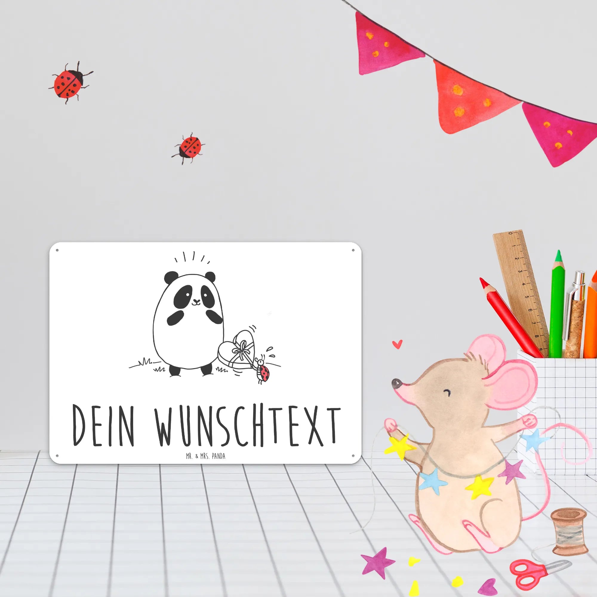 Das personalisierte Blechschild "Easy & Peasy Dankeschön" von Mr. & Mrs. Panda ist das perfekte Geschenk für jeden Anlass! Möchtest du jemandem einfach mal Danke sagen? Dieses wunderschöne Metallschild bringt die Message klar und fröhlich rüber! Das liebevoll gestaltete Motiv zeigt einen fröhlichen Panda, der dankbar eine Schachtel Pralinen von einem süßen Marienkäfer entgegen nimmt. Was für eine bezaubernde Art, seine Wertschätzung auszudrücken!
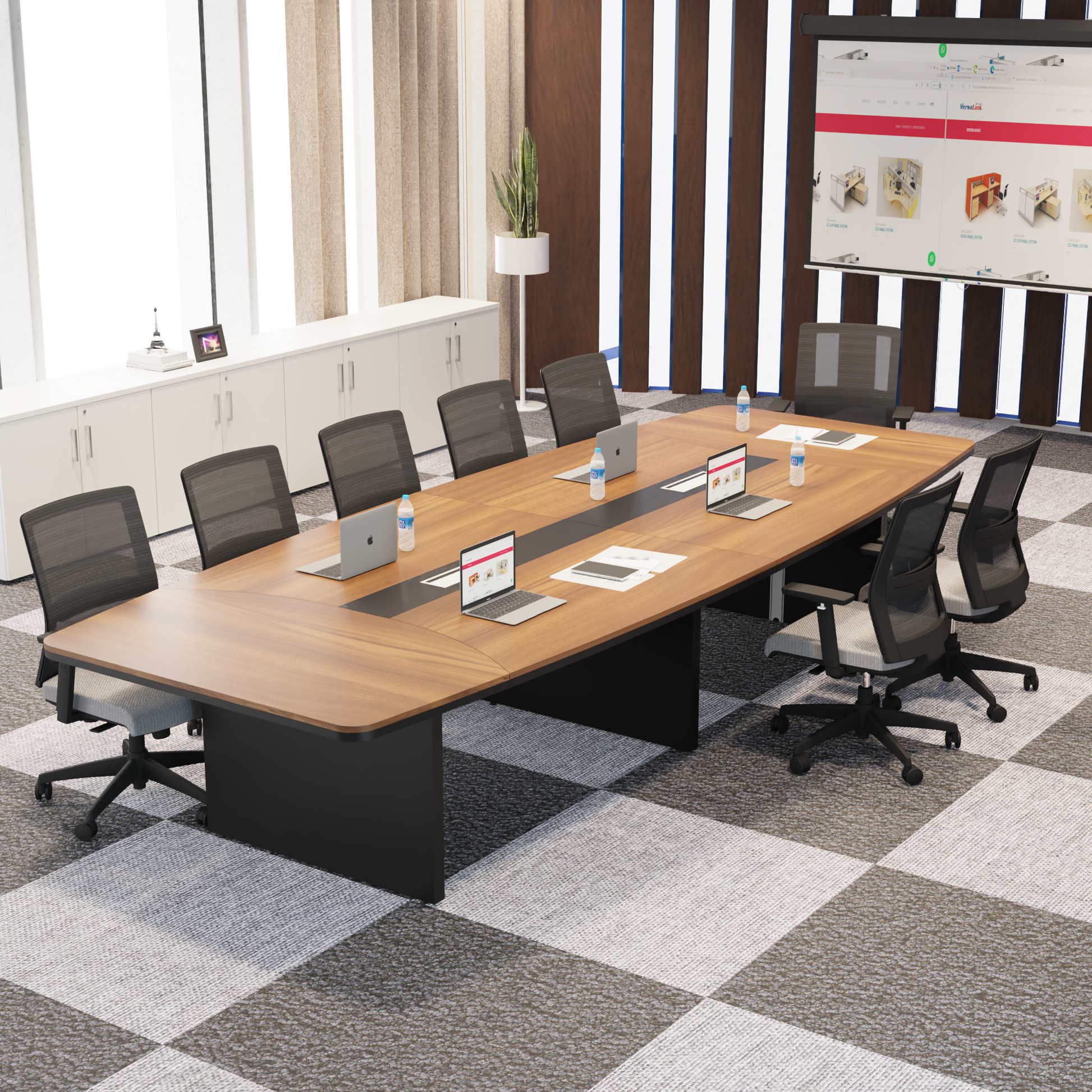 Meets with panel leg that is made from melamine faced chipboard in black with 50mm thickness that ensures the stability and strength of the meeting crowd at the table. The center of the table top is highlighted with a sleek black design feature(MFC) that represents wire management for a more professional look in the office.
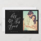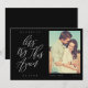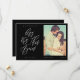 A veces las cosas cambian. Actualice a sus invitados de boda con su nueva fecha de boda con nuestra tarjeta moderna de guardar la fecha. El diseño presenta una distribución simple y moderna con "Vamos a intentarlo de nuevo" mostrado en caligrafía moderna. Fondo negro simple con el nombre de la pareja, fecha de la boda, ubicación y foto.
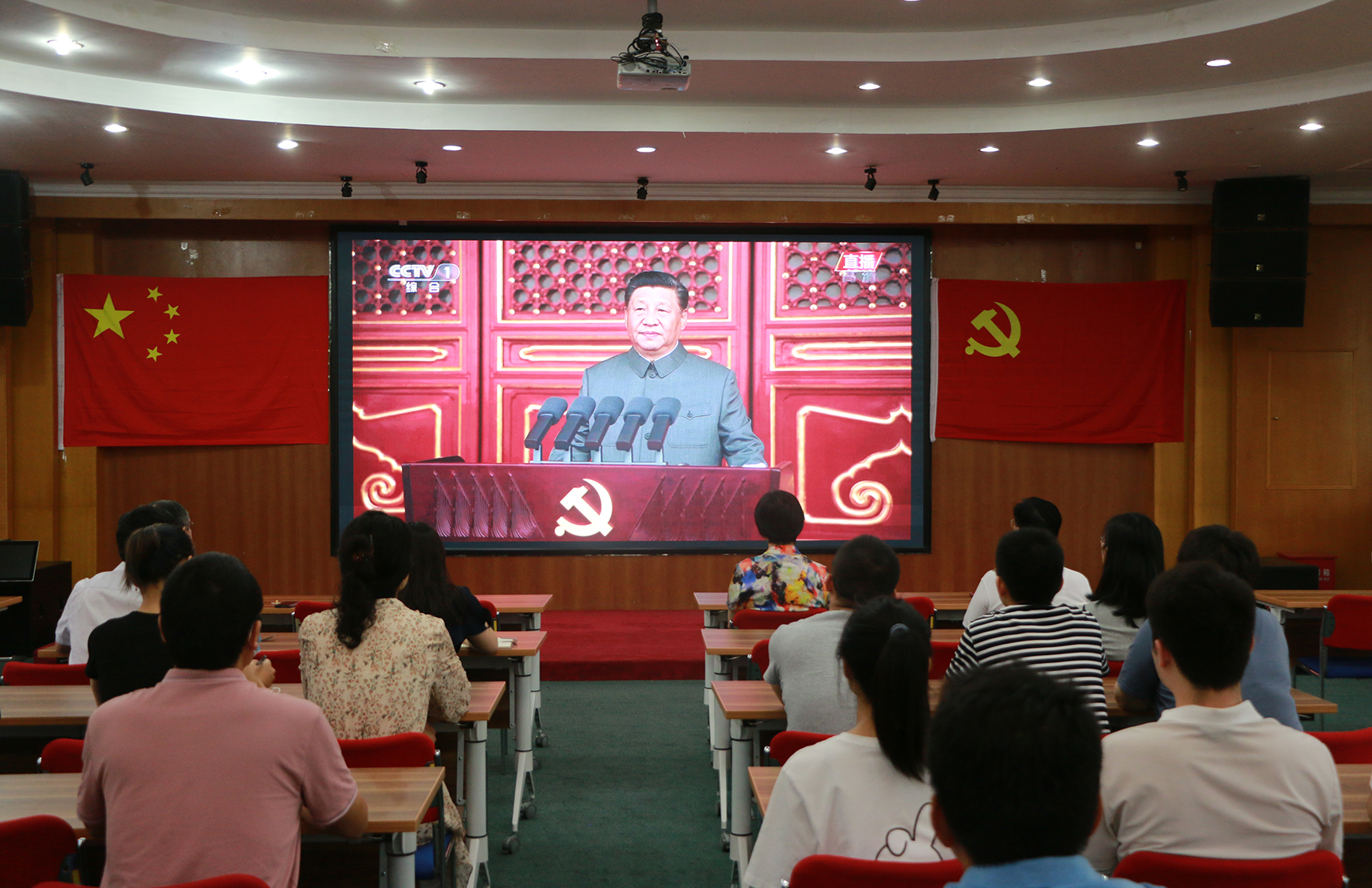7月1日,慶祝中國共產(chǎn)黨成立一百周年大會(huì)在天安門廣場隆重舉行,習(xí)近平總書記發(fā)表重要講話。蔬菜花卉所全體所領(lǐng)導(dǎo)和全所黨員干部職工180余人共同集體收看大會(huì)直播。
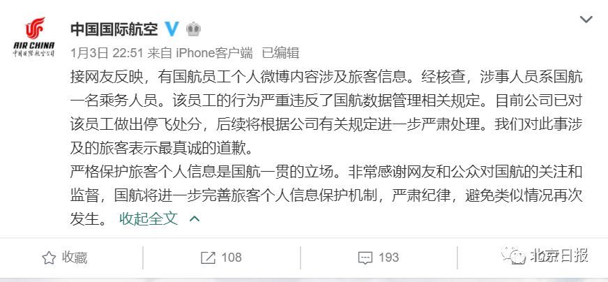 1月3日晚10时51分,中国国际航空在官方微博回应“员工泄露乘客信息”一事:接网友反映,有国航员工个人微博内容涉及旅客信息。经核查,涉事人员系国航一名乘务人员。该员工的行为严重违反了国航数据管理相关规定。目前公司已对该员工做出停飞处分,后续将根据公司有关规定进一步严肃处理。我们对此事涉及的旅客表示最真诚的道歉。
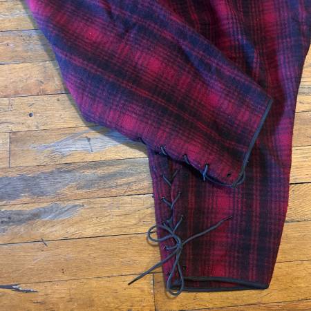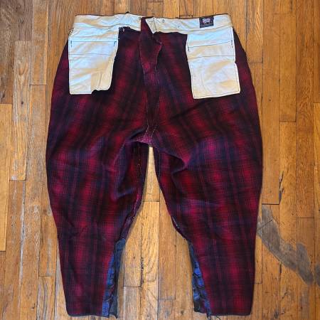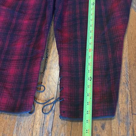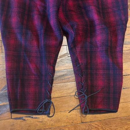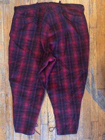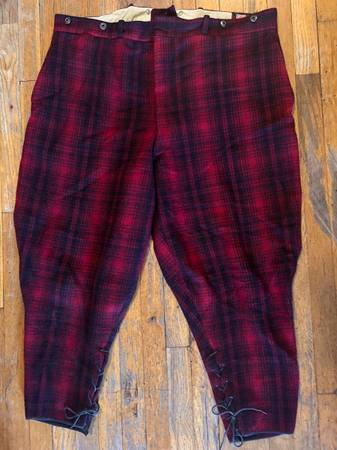 Superb condition. Clean inside and out. No rips, tears, stains or moth spots. Zipper, pockets, and laced ankle cuffs are in great shape. All original suspender buttons. Truly excellent example of these classic, vintage outdoorsman pants.

━━━━━━━━━━━━━━━━━━━━━━━━━━━━━━

## Work instructions
Where the line containing "Meets with panel" appears in the data above, begin there and output every line through the last, exactly and without pictures.

## Result of this task
 Meets with panel leg that is made from melamine faced chipboard in black with 50mm thickness that ensures the stability and strength of the meeting crowd at the table. The center of the table top is highlighted with a sleek black design feature(MFC) that represents wire management for a more professional look in the office.
 A veces las cosas cambian. Actualice a sus invitados de boda con su nueva fecha de boda con nuestra tarjeta moderna de guardar la fecha. El diseño presenta una distribución simple y moderna con "Vamos a intentarlo de nuevo" mostrado en caligrafía moderna. Fondo negro simple con el nombre de la pareja, fecha de la boda, ubicación y foto.
7月1日,慶祝中國共產(chǎn)黨成立一百周年大會(huì)在天安門廣場隆重舉行,習(xí)近平總書記發(fā)表重要講話。蔬菜花卉所全體所領(lǐng)導(dǎo)和全所黨員干部職工180余人共同集體收看大會(huì)直播。
 1月3日晚10时51分,中国国际航空在官方微博回应“员工泄露乘客信息”一事:接网友反映,有国航员工个人微博内容涉及旅客信息。经核查,涉事人员系国航一名乘务人员。该员工的行为严重违反了国航数据管理相关规定。目前公司已对该员工做出停飞处分,后续将根据公司有关规定进一步严肃处理。我们对此事涉及的旅客表示最真诚的道歉。
 Superb condition. Clean inside and out. No rips, tears, stains or moth spots. Zipper, pockets, and laced ankle cuffs are in great shape. All original suspender buttons. Truly excellent example of these classic, vintage outdoorsman pants.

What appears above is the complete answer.